(Stored items)
........
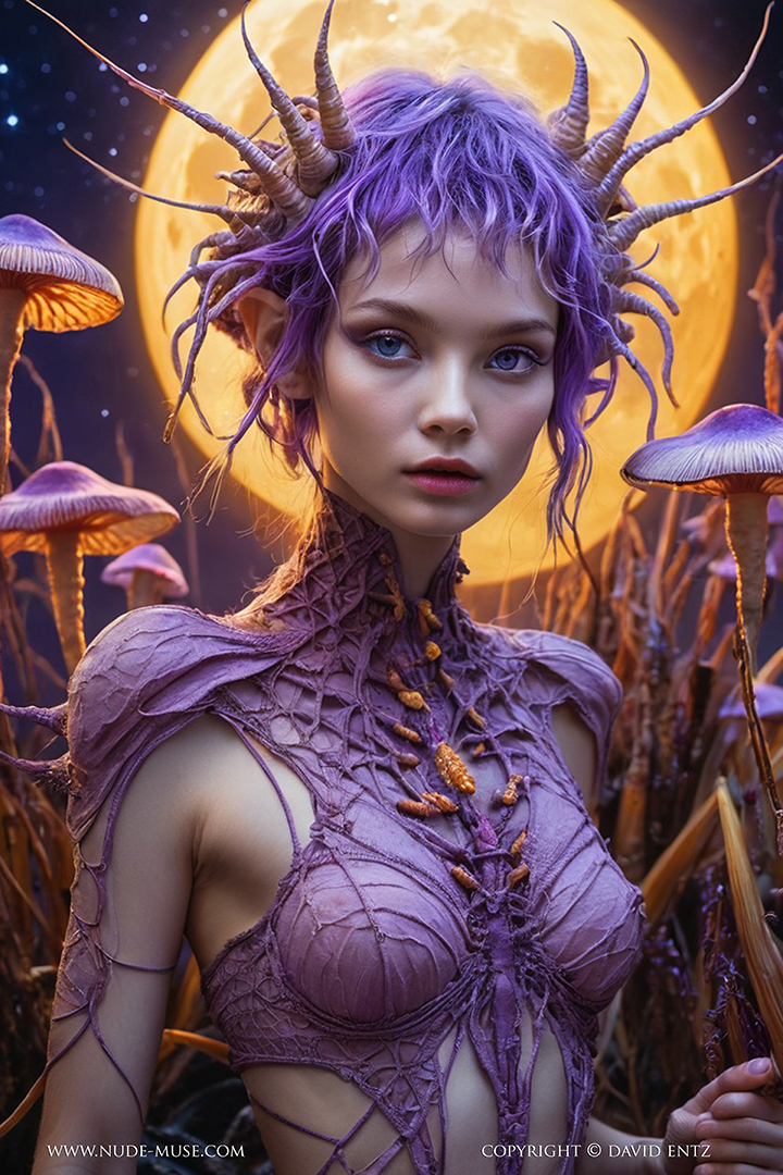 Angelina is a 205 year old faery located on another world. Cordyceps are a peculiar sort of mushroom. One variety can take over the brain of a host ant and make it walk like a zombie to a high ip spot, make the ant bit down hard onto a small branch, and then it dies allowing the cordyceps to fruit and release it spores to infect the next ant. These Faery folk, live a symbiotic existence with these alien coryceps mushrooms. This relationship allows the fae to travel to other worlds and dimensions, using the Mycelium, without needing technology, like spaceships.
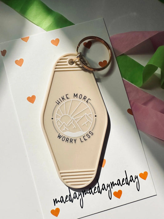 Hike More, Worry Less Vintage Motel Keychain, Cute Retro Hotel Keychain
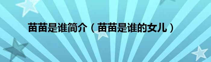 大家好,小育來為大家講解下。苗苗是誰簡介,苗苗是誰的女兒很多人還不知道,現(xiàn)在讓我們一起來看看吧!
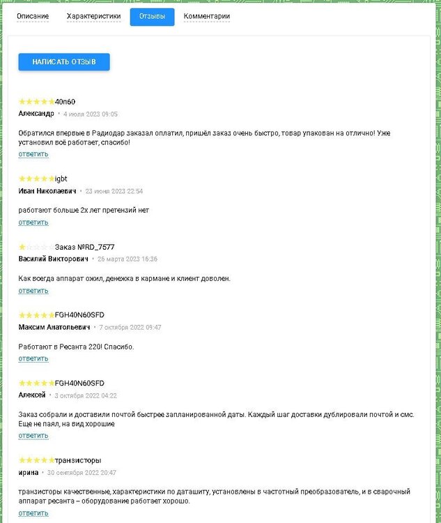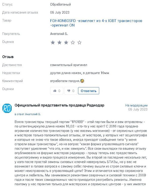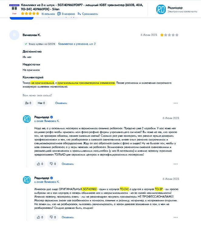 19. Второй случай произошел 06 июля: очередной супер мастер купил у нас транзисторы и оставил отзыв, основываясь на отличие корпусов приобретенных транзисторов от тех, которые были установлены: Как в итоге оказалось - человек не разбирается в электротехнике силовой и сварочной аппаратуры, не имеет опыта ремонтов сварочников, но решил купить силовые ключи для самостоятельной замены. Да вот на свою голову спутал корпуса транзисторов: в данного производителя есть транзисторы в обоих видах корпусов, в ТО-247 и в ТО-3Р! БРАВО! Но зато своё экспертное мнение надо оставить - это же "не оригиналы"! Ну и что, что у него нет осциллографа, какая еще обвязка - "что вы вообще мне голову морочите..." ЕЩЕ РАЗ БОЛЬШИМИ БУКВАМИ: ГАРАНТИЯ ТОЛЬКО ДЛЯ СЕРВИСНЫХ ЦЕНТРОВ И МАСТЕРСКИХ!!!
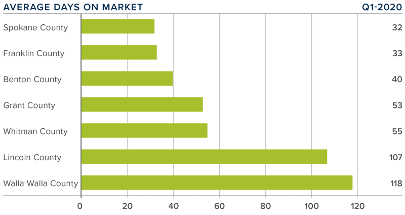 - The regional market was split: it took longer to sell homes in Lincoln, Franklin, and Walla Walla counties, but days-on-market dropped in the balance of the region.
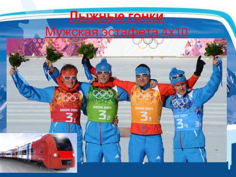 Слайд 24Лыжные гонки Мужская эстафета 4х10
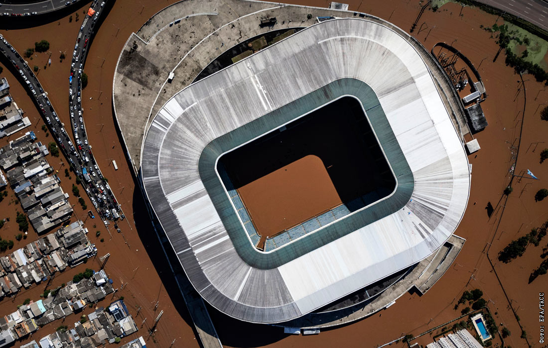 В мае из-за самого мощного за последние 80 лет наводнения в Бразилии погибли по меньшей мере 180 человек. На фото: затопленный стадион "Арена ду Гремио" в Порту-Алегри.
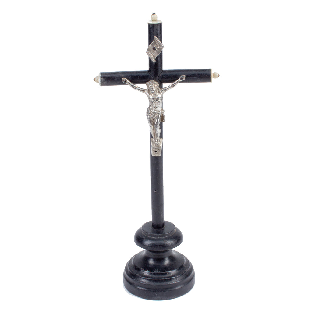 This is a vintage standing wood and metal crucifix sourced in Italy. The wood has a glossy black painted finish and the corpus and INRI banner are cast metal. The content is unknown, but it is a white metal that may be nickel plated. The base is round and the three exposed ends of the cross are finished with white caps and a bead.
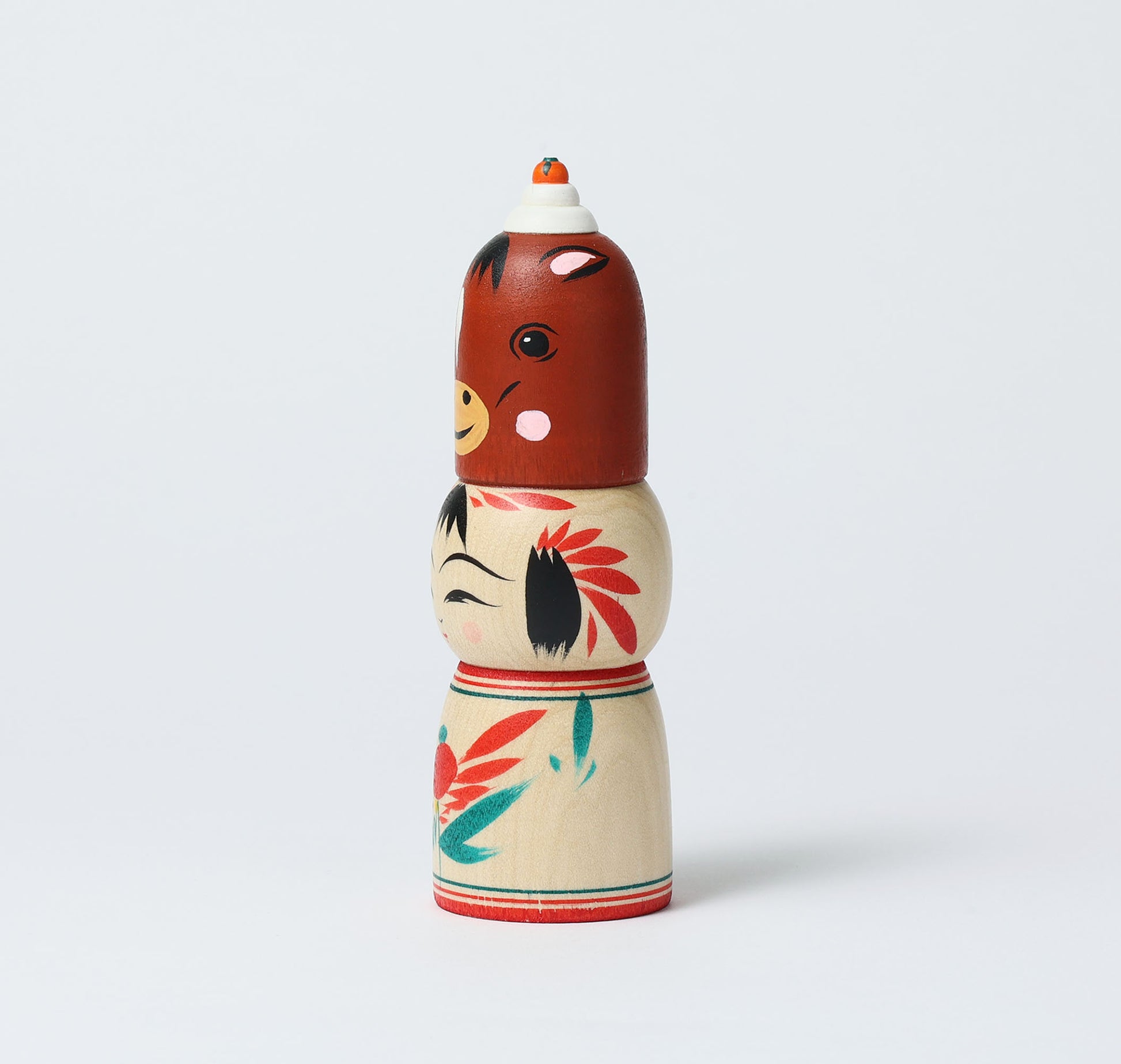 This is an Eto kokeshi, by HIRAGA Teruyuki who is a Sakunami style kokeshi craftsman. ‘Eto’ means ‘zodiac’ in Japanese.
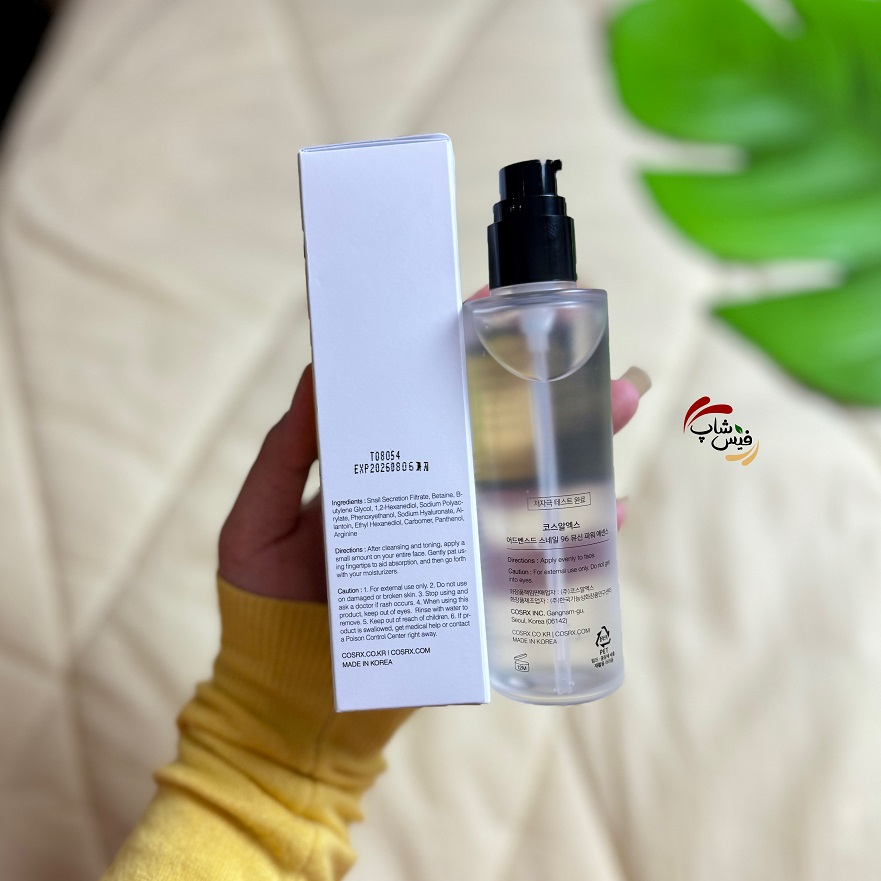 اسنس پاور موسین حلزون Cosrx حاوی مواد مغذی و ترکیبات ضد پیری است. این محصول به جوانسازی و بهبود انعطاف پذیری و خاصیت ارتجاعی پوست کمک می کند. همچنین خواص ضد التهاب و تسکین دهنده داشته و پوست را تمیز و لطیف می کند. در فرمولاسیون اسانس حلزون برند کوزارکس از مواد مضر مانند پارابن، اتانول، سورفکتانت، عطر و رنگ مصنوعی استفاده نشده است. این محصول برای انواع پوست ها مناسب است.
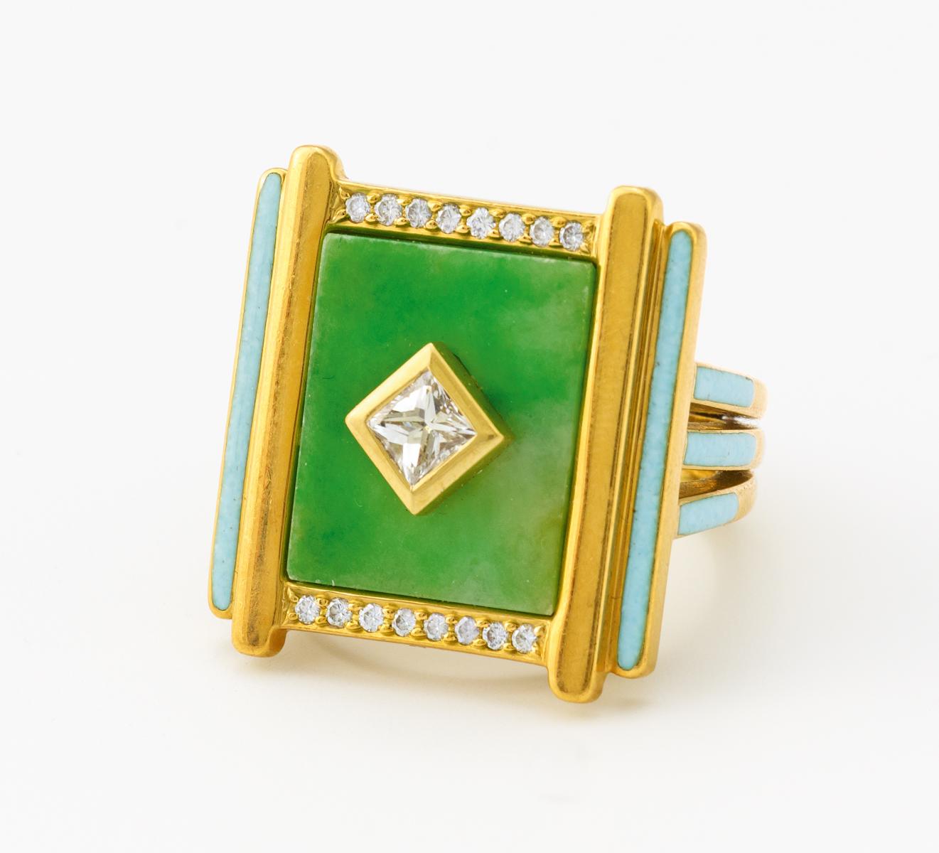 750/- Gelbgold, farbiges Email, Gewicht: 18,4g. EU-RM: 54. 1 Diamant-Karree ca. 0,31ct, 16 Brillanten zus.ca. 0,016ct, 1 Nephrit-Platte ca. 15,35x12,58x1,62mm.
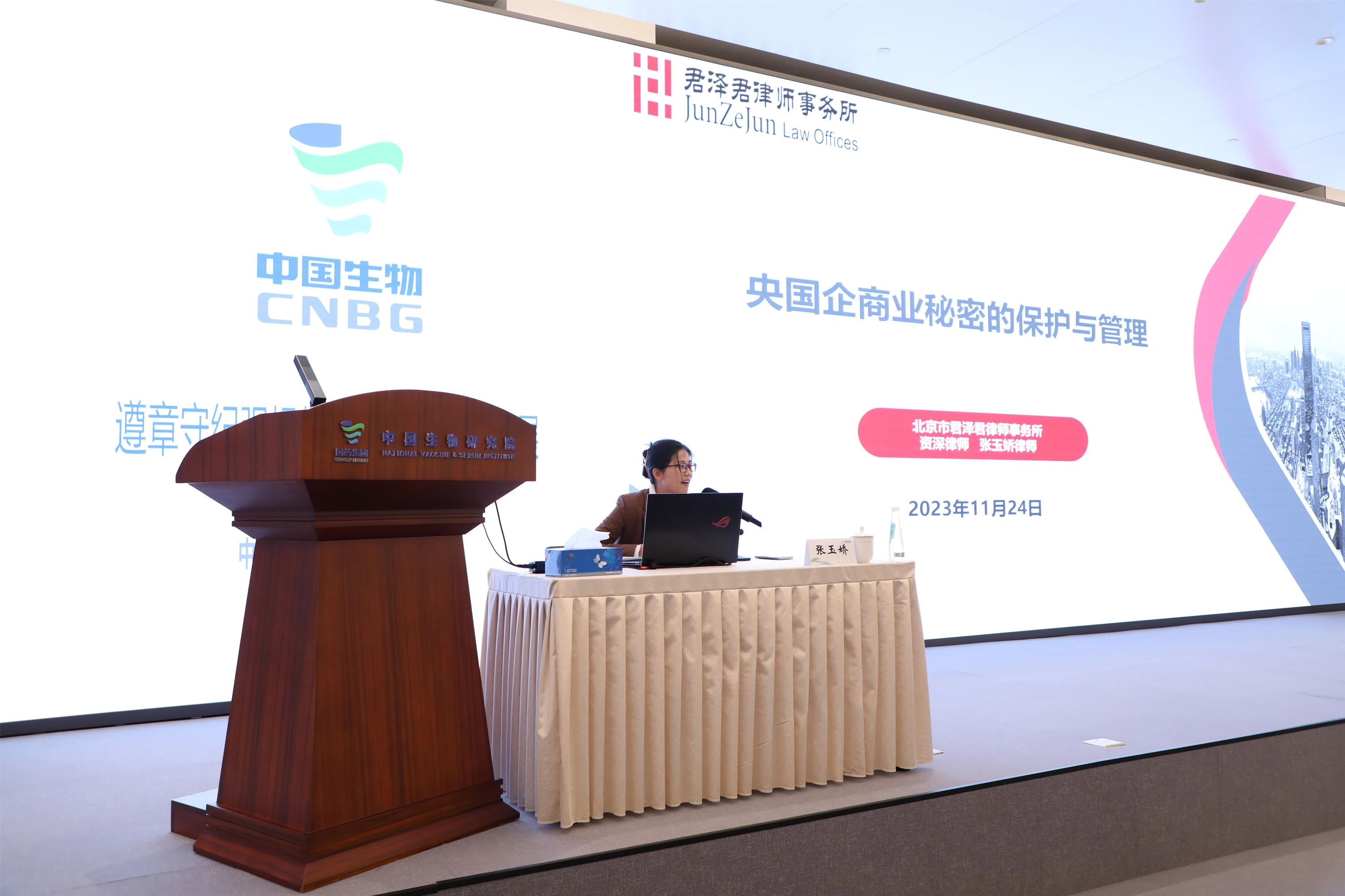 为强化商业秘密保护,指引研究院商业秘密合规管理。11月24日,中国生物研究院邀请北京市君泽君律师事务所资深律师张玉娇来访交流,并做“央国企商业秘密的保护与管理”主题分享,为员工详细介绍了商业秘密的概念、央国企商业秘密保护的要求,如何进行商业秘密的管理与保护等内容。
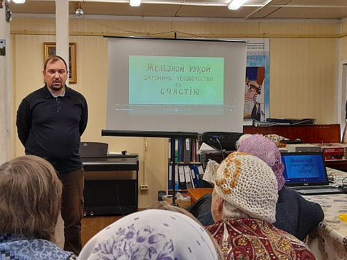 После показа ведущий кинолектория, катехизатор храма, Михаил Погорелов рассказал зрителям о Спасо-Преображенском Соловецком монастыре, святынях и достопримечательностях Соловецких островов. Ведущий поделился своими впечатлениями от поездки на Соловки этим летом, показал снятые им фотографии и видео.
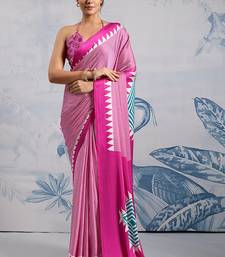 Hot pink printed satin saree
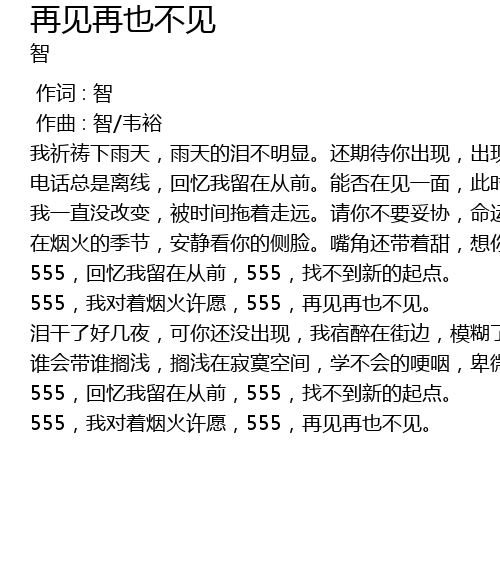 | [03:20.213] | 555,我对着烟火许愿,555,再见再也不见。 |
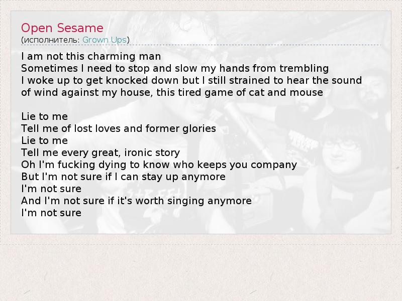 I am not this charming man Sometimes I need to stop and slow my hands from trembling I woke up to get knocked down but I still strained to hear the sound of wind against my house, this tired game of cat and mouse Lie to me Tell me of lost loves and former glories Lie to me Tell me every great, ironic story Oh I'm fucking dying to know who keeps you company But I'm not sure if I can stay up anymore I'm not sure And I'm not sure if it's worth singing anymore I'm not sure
........
» Exercise
Your copy should repeat each entry above exactly but contain no pictures.

» Reply
 Angelina is a 205 year old faery located on another world. Cordyceps are a peculiar sort of mushroom. One variety can take over the brain of a host ant and make it walk like a zombie to a high ip spot, make the ant bit down hard onto a small branch, and then it dies allowing the cordyceps to fruit and release it spores to infect the next ant. These Faery folk, live a symbiotic existence with these alien coryceps mushrooms. This relationship allows the fae to travel to other worlds and dimensions, using the Mycelium, without needing technology, like spaceships.
 Hike More, Worry Less Vintage Motel Keychain, Cute Retro Hotel Keychain
 大家好,小育來為大家講解下。苗苗是誰簡介,苗苗是誰的女兒很多人還不知道,現(xiàn)在讓我們一起來看看吧!
 19. Второй случай произошел 06 июля: очередной супер мастер купил у нас транзисторы и оставил отзыв, основываясь на отличие корпусов приобретенных транзисторов от тех, которые были установлены: Как в итоге оказалось - человек не разбирается в электротехнике силовой и сварочной аппаратуры, не имеет опыта ремонтов сварочников, но решил купить силовые ключи для самостоятельной замены. Да вот на свою голову спутал корпуса транзисторов: в данного производителя есть транзисторы в обоих видах корпусов, в ТО-247 и в ТО-3Р! БРАВО! Но зато своё экспертное мнение надо оставить - это же "не оригиналы"! Ну и что, что у него нет осциллографа, какая еще обвязка - "что вы вообще мне голову морочите..." ЕЩЕ РАЗ БОЛЬШИМИ БУКВАМИ: ГАРАНТИЯ ТОЛЬКО ДЛЯ СЕРВИСНЫХ ЦЕНТРОВ И МАСТЕРСКИХ!!!
 - The regional market was split: it took longer to sell homes in Lincoln, Franklin, and Walla Walla counties, but days-on-market dropped in the balance of the region.
 Слайд 24Лыжные гонки Мужская эстафета 4х10
 В мае из-за самого мощного за последние 80 лет наводнения в Бразилии погибли по меньшей мере 180 человек. На фото: затопленный стадион "Арена ду Гремио" в Порту-Алегри.
 This is a vintage standing wood and metal crucifix sourced in Italy. The wood has a glossy black painted finish and the corpus and INRI banner are cast metal. The content is unknown, but it is a white metal that may be nickel plated. The base is round and the three exposed ends of the cross are finished with white caps and a bead.
 This is an Eto kokeshi, by HIRAGA Teruyuki who is a Sakunami style kokeshi craftsman. ‘Eto’ means ‘zodiac’ in Japanese.
 اسنس پاور موسین حلزون Cosrx حاوی مواد مغذی و ترکیبات ضد پیری است. این محصول به جوانسازی و بهبود انعطاف پذیری و خاصیت ارتجاعی پوست کمک می کند. همچنین خواص ضد التهاب و تسکین دهنده داشته و پوست را تمیز و لطیف می کند. در فرمولاسیون اسانس حلزون برند کوزارکس از مواد مضر مانند پارابن، اتانول، سورفکتانت، عطر و رنگ مصنوعی استفاده نشده است. این محصول برای انواع پوست ها مناسب است.
 750/- Gelbgold, farbiges Email, Gewicht: 18,4g. EU-RM: 54. 1 Diamant-Karree ca. 0,31ct, 16 Brillanten zus.ca. 0,016ct, 1 Nephrit-Platte ca. 15,35x12,58x1,62mm.
 为强化商业秘密保护,指引研究院商业秘密合规管理。11月24日,中国生物研究院邀请北京市君泽君律师事务所资深律师张玉娇来访交流,并做“央国企商业秘密的保护与管理”主题分享,为员工详细介绍了商业秘密的概念、央国企商业秘密保护的要求,如何进行商业秘密的管理与保护等内容。
 После показа ведущий кинолектория, катехизатор храма, Михаил Погорелов рассказал зрителям о Спасо-Преображенском Соловецком монастыре, святынях и достопримечательностях Соловецких островов. Ведущий поделился своими впечатлениями от поездки на Соловки этим летом, показал снятые им фотографии и видео.
 Hot pink printed satin saree
 | [03:20.213] | 555,我对着烟火许愿,555,再见再也不见。 |
 I am not this charming man Sometimes I need to stop and slow my hands from trembling I woke up to get knocked down but I still strained to hear the sound of wind against my house, this tired game of cat and mouse Lie to me Tell me of lost loves and former glories Lie to me Tell me every great, ironic story Oh I'm fucking dying to know who keeps you company But I'm not sure if I can stay up anymore I'm not sure And I'm not sure if it's worth singing anymore I'm not sure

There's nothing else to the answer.